Exclude all pictures, then write out exactly the lines below from the first one through the line with "loops and loops….".

INFORMATION PROVIDED:
:::::

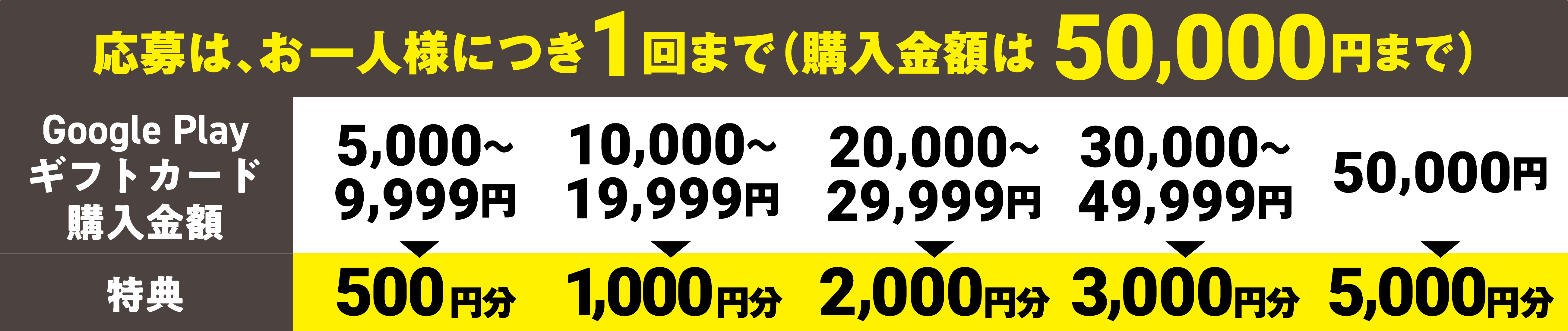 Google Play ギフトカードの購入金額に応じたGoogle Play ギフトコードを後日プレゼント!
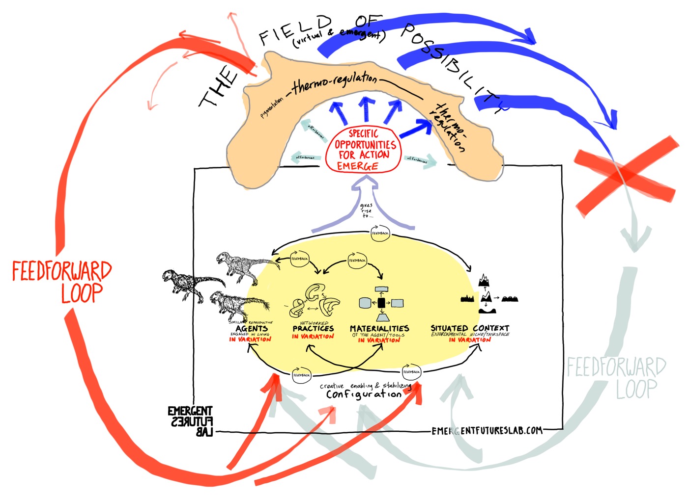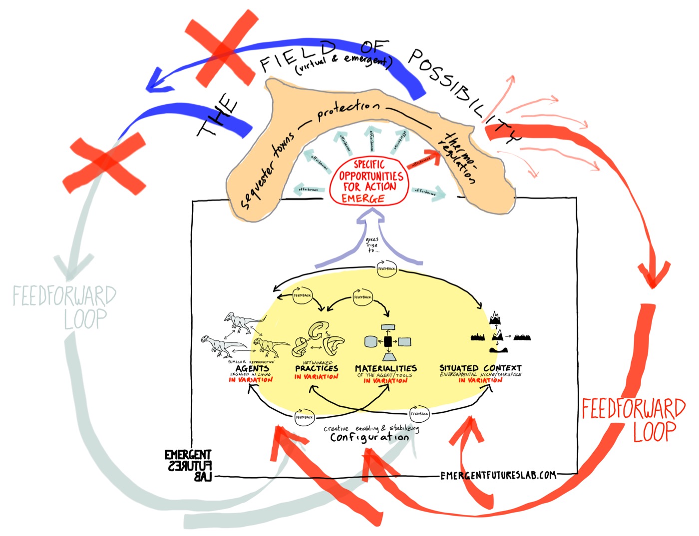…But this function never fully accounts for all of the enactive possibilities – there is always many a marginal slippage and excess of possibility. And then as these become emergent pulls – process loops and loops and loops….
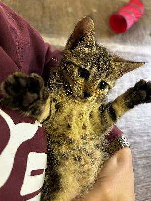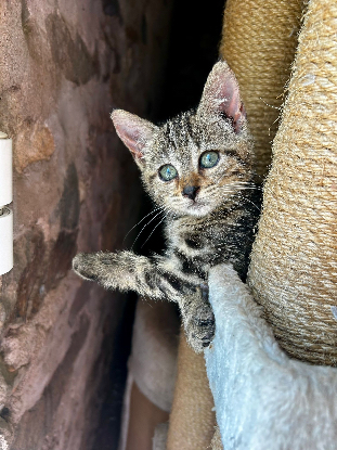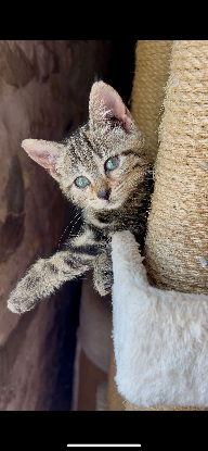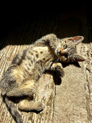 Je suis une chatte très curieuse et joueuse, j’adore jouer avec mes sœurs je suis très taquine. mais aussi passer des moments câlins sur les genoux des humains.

:::::

SOLUTION FOR THIS EXERCISE:
 Google Play ギフトカードの購入金額に応じたGoogle Play ギフトコードを後日プレゼント!
…But this function never fully accounts for all of the enactive possibilities – there is always many a marginal slippage and excess of possibility. And then as these become emergent pulls – process loops and loops and loops….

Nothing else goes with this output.